Scientists suggest revisiting 14-day limit on human embryo research

Photo of scientist in lab working with petri dish

An international team of bioethicists and scientists, led by a researcher at Case Western Reserve University, contends it may be justified to go beyond the standing 14-day limit that restricts how long researchers can study human embryos in a dish. Going beyond this policy limit could lead to potential health and fertility benefits, and the authors provide a process for doing so.

Insoo Hyun

In an article published March 5 in Science, Insoo Hyun, a bioethics professor at the Case Western Reserve University School of Medicine and the paper’s lead author, and colleagues urge policymakers and the International Society for Stem Cell Research (ISSCR) to consider “a cautious, stepwise approach” to scientific exploration beyond the 14-day limit.

“But first,” they write, “one must appreciate the scientific reasons for doing so. Any such proposed research must serve important goals that cannot be adequately met by other means.”

ISSCR is expected to soon release updated guidelines for stem cell and embryo research.

Among the potential benefits of studying human embryos beyond the 14-day limit include understanding how early development disorders originate and developing therapies that address causes of infertility, developmental disorders and failed pregnancy.

Since the first successful birth from in vitro fertilization in the late 1970s, human embryo research has been subject to limits of time and developmental benchmarks. The general rationale for imposing those limits was that, although considered acceptable to benefit human health and improve reproduction, in vitro research should conclude 14 days after fertilization-about when implantation in the womb is normally completed.

National guidelines, laws and international norms have prohibited scientists from culturing human embryos for research after 14 days, or beyond the appearance of a structure called the “primitive streak,” which defines the period when principal tissues of the body begin to form and an embryo can no longer divide into identical twins. Thus, the 14-day limit allowed research to proceed until the human embryo in a dish starts to become biologically unique.

When this limit was put in place, there were no methods to culture embryos in a dish for anywhere close to two weeks.

But research since 2016 shows that it is likely possible to culture human research embryos past the two-week limit, and suggests that doing so will yield scientific insights that could prove important for human health and fertility.

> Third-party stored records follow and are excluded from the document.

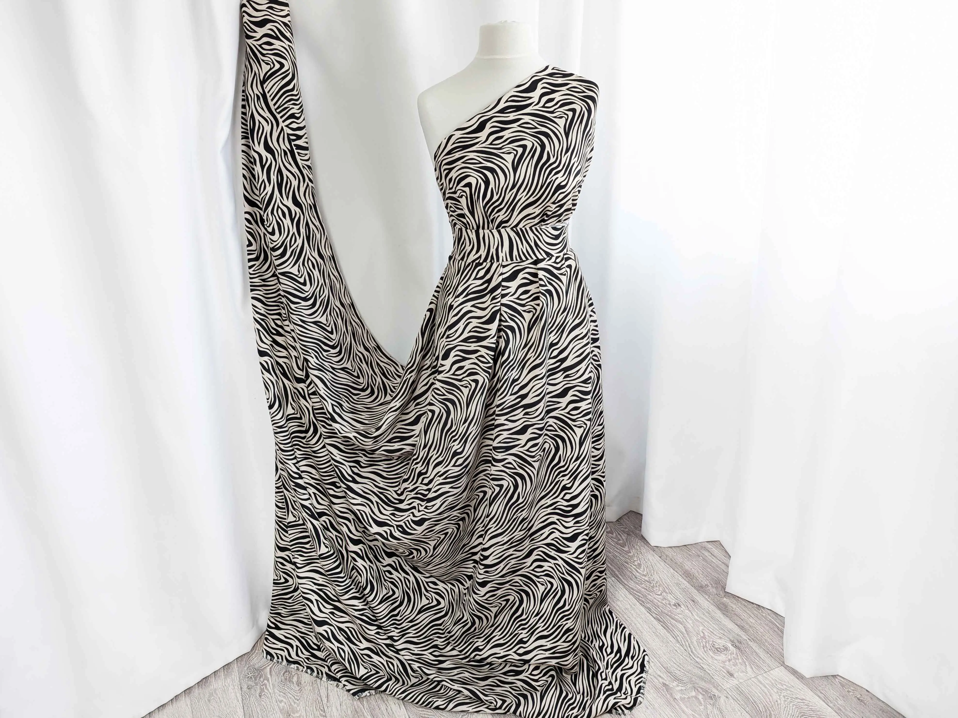 Льон бохо рисунок зебра, черный на бежевом
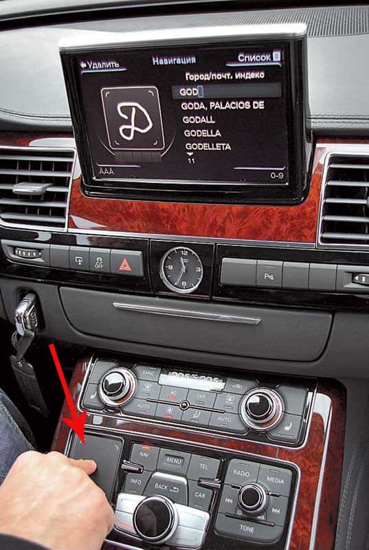 Машина «разговаривает» с нами на русском языке и понимает не только речь, но и почерк. Не отрывая взгляд от дороги, просто на поле MMI Touch пишу первую букву. Audi понимает и называет ее. Пишу следующие, и поиск становится более точным и предметным. А8 предлагает варианты треков, если я копаюсь в недрах аудиосистемы, или варианты названий улиц, когда нахожусь в меню навигационной системы MMI Plus.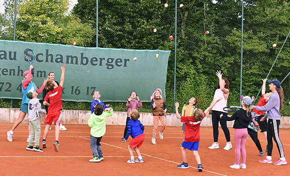 | 1. August 2025 Merchinger Ferienprogramm beim TC Merching | Heute sind die Kinder des Merchinger Ferienprogramms bei uns zu Gast. Dort soll bei dem einem oder anderen Gast die Begeisterung für unseren Sport geweckt werden. Ab 10 Uhr wird je nach Vorkenntnissen der Gäste ein bisschen Ballschule oder auch schon Tennis ohne und mit Schläger geübt. Abschließend soll ein kleines Turnier veranstaltet werden, um ein bisschen Spannung ins Spiel zu bekommen. Eva hat sich einiges einfallen lassen und Lena hilft bei Betreuung und Training mit. 12 Kinder, meist in Begleitung ihrer Mütter oder Eltern, trafen sich mit Eva und Lena auf Platz 3 und 4 zum Schnuppern. Vor allem die Jungs konnten es kaum erwarten, mit den Schlägern auf die Bälle zu dreschen, aber zunächst wurden die Kinder gemäß Größe und Vorkenntnissen in Gruppen eingeteilt, wo sie erst mal einige Ballschulen-Übungen durchführten. Als dann die Tennisschläger zum Einsatz kamen, waren alle mit Feuereifer dabei. Die Jungs übten mit Eva und Lena übernahm die Mädchen, eine weitere Gruppe wurden von engagierten Müttern betreut. Wie meist waren die Jungs nicht so leicht in Griff zu bekommen und viele Bälle flogen statt ins gegenüberliegend Feld über den Zaun. Als Eva aber gleich eine Übung daraus machte, wer am meisten Bälle über den Zaun spielen konnte, da war die Begeisterung groß. Eva war recht angetan von einigen recht talentierten Kindern, die mit dem Ball schon gut umgehen konnten und sich gleich richtig zum Ball stellten. Als am Ende einige Kinder von ihren Eltern zum weiterführenden Training angemeldet wurden, stellte Eva zufrieden fest, dass sich die Zeit für Vorbereitung und Durchführung des Schnuppertrainings im Rahmen des Merchinger Ferienprogramms auf jeden Fall gelohnt hat. ![]() | ![]() ![]() ![]() |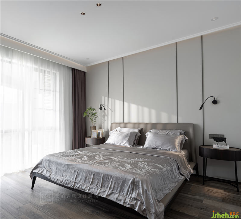 主卧简约而温柔。白色床头墙,暖木色地板,两侧对称的床头柜与壁灯,现代优雅的皮艺床铺,呈现出轻松舒适的睡眠区。极少的色彩装饰下,只是简洁的白色和木色却给我们一种舒缓与自然的纯净感。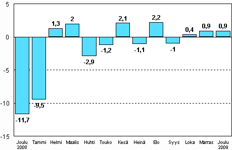 Koko teollisuuden työpäiväkorjattu tuotanto oli Tilastokeskuksen mukaan vuoden 2009 joulukuussa 5,9 prosenttia pienempi kuin vuotta aikaisemmin. Kausitasoitettu tuotanto oli kuitenkin 0,9 prosenttia suurempi kuin marraskuussa. Tuotanto on nyt kasvanut kolmena peräkkäisenä kuukautena edelliseen kuukauteen verrattuna. Viime vuonna teollisuustuotanto oli 20,9 prosenttia alhaisempi kuin vuonna 2008 ja tuotanto oli vuoden 2000 tasolla. Pudotus oli pahin Suomen itsenäisyyden aikana.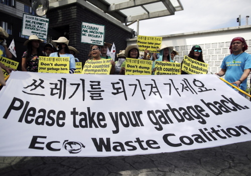 16일 현지 언론 등에 따르면 필리핀 환경단체 ‘친환경쓰레기 연합’ 회원 등 수십명은 전날 오전 주필리핀 한국대사관 앞에서 항의시위를 벌였다. 이들은 지난 7월 한국에서 불법으로 수입된 대규모 폐기물에 대해 한국어로 ‘쓰레기를 다시 가져 가세요’라고 적은 플래카드를 들고 항의했다. 이와 함께 한동만 주필리핀 한국대사에게 보낸 공개서한에서 “한국에서 수입된 수천t의 쓰레기가 신속하게 한국으로 돌아갈 수 있도록 조처해달라”고 요구했다.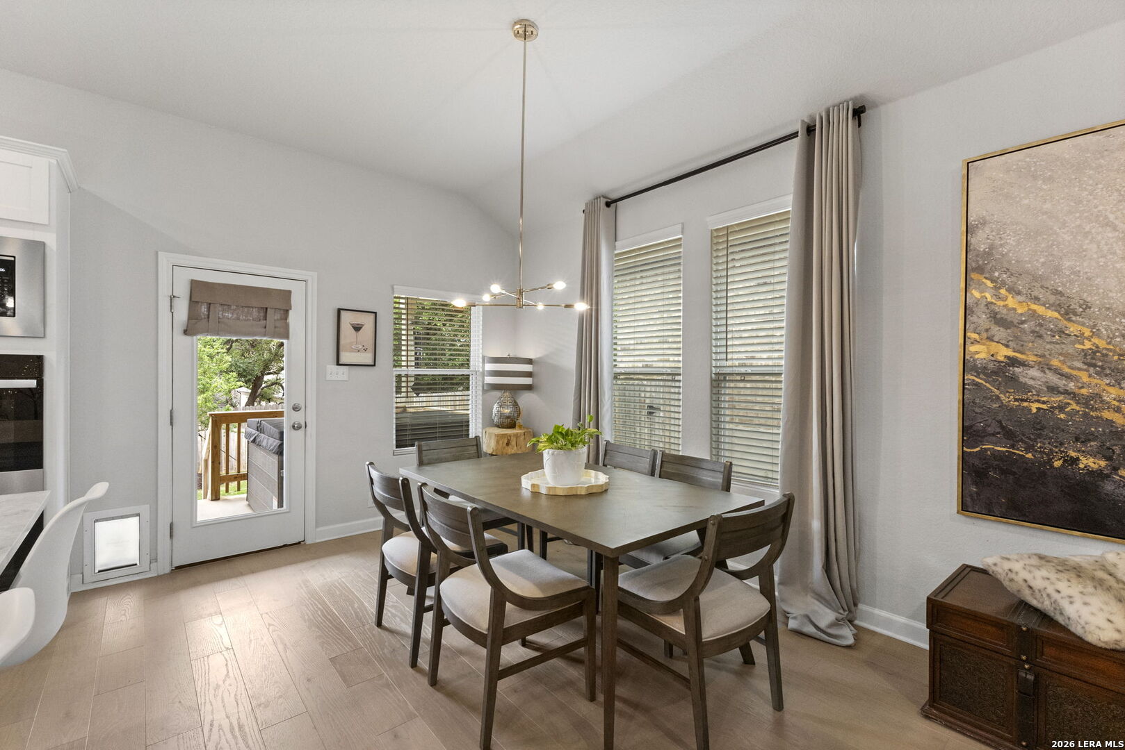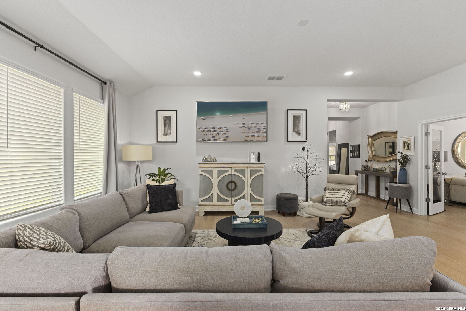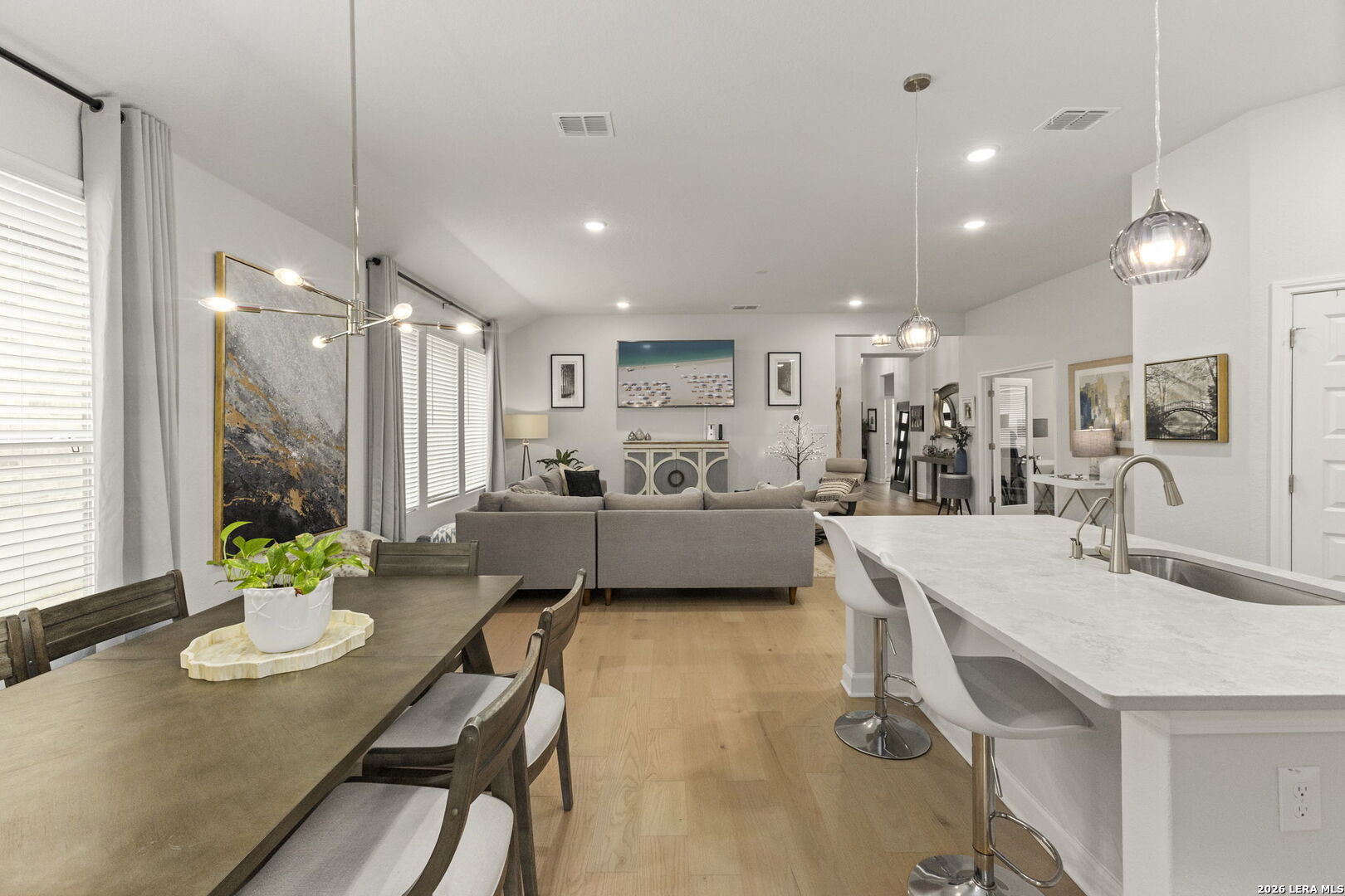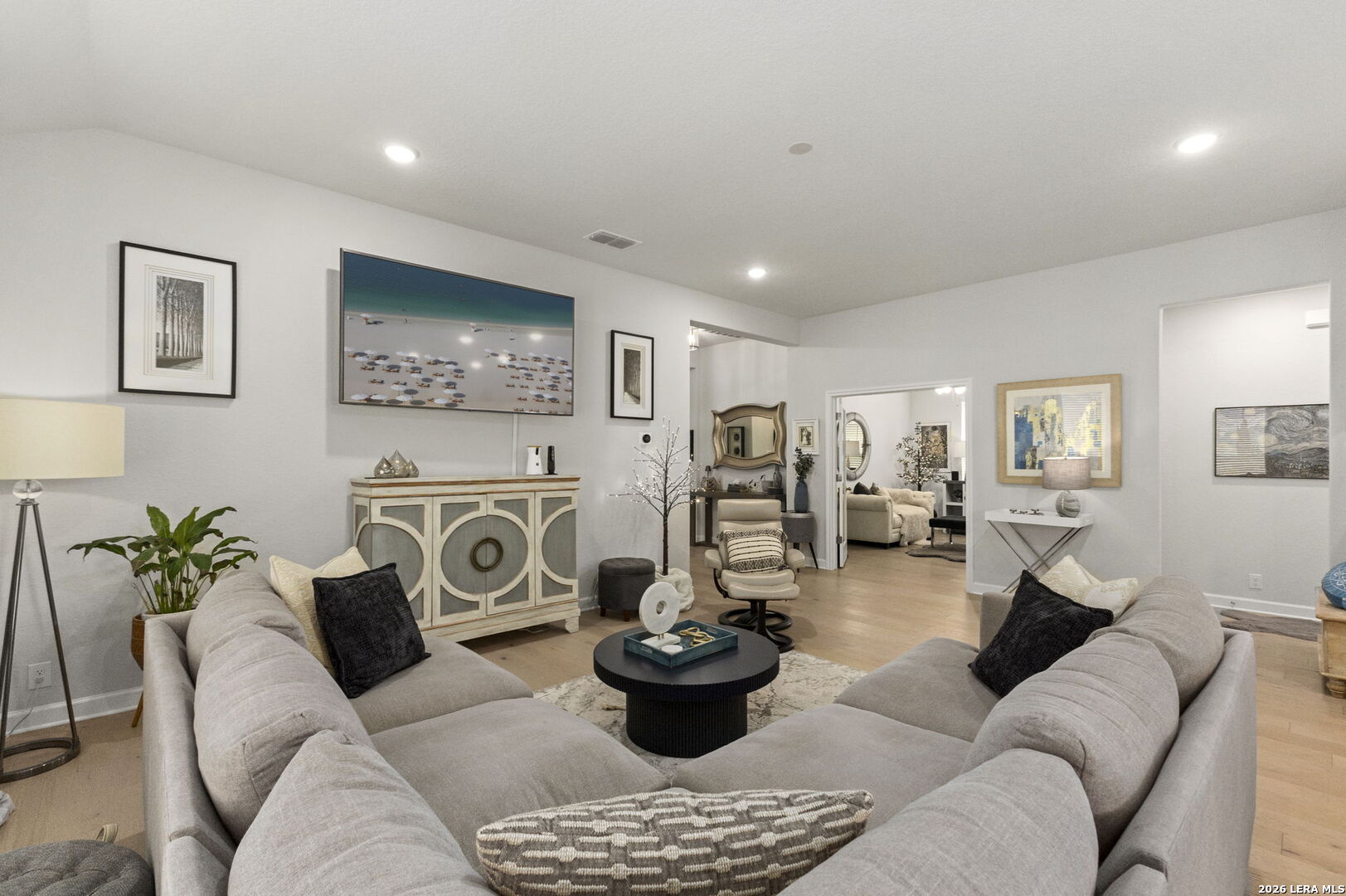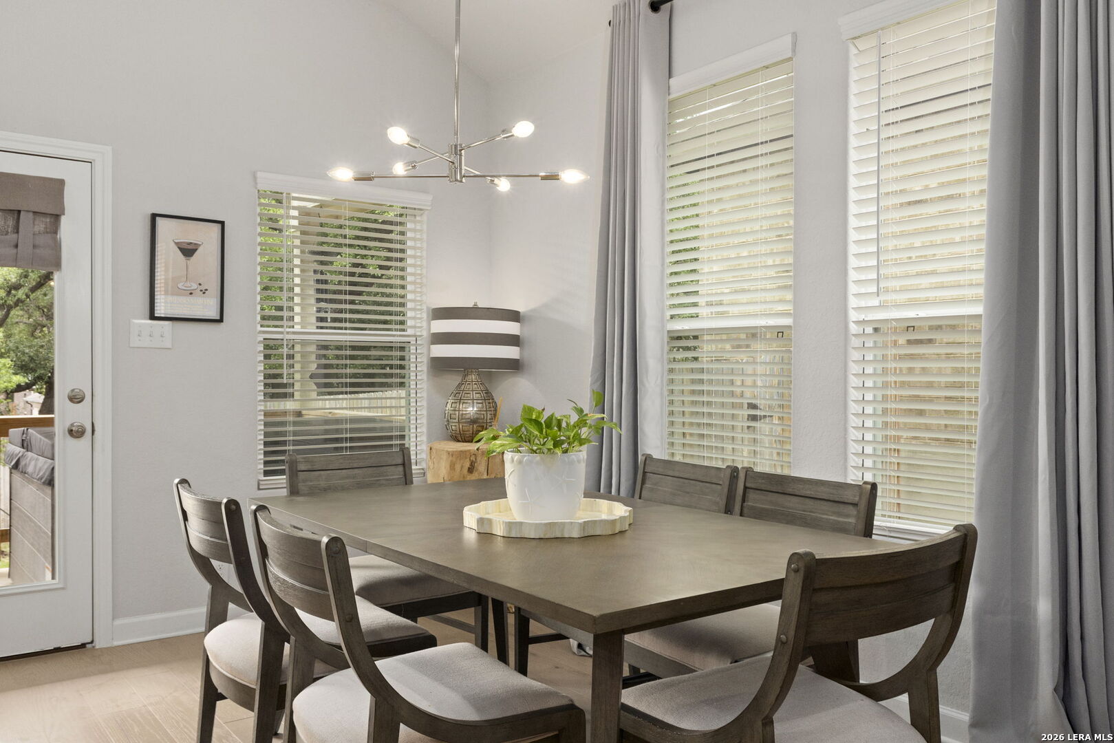 Welcome to an exceptional residence nestled in an established Northeast San Antonio community. This beautifully maintained home offers a warm, inviting atmosphere with thoughtfully designed living spaces and elegant touches throughout. Upon entry, you're greeted by a light-filled interior and a spacious living area that sets the tone for both refined entertaining and relaxed everyday living. The open-concept layout flows effortlessly into the dining and kitchen areas, where abundant cabinetry, generous counter space, and a large island create a functional yet stylish centerpiece for gathering. The private primary suite serves as a serene retreat, featuring a well-appointed en-suite bath with a spa-like oversized shower, double vanity, and a spacious walk-in closet. The secondary bedrooms offer versatility for guests or additional living space to suit your needs. Step outside to your own private escape, where a tranquil backyard awaits. Enjoy evenings under the covered patio or unwind in the hot tub, perfectly suited for relaxation. The back yard offers endless possibilities for outdoor living, gardening, or entertaining. Ideally located with convenient access to major highways, shopping, dining, and everyday amenities, this home seamlessly blends comfort, style, and convenience. Experience the warmth, charm, and elevated living this property has to offer. Schedule your private showing today.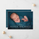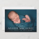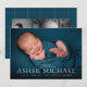 Birth announcement. Baby announcement. Baby boy. Baby girl, Gender neutral. Photo. Hello. Hello Baby. Patterned backer. Windowpane plaid. Bold. Modern. Contemporary. Blue.

The authors acknowledge that researchers should adhere to the 14-day limit, “unless a strong scientific justification can be offered to culture human embryos longer in locales where it would be legally permissible to do so. Any such proposed research must serve important goals that cannot be adequately met by other means.”

Hyun and colleagues propose six principles that can be used to weigh whether research on human embryos can move beyond the 14-day limit, in incremental, measured steps. They note their principles apply for extending the 14-day limit, but also for other complex research.

Among their principles, they emphasize that extended embryo culture should begin in small steps, with frequent interim evaluations. For instance, it would first be necessary to assess feasibility of culture past 14 days, and, if so, to assess whether those newly permitted experiments were informative enough to justify the further use of human embryos.

Their other principles include advocating for research proposals to be peer-reviewed by qualified and independent science and ethics committees; for public dialogue at the local institutional level and, more broadly.

“Realistically,” they conclude, “an incremental approach seems to be our only path forward, both from a scientific and a policy standpoint.”

The article’s co-authors are: Annelien Bredenoord, at the University Medical Center Utrecht and Utrecht University in Utrecht, Netherlands; James Briscoe, at the Francis Crick Institute in London and The Company of Biologists in Cambridge, United Kingdom; Sigal Klipstein, at the University of Chicago Pritzker School of Medicine in Chicago; and Tao Tan at Kunming University of Science and Technology in Kunming, China.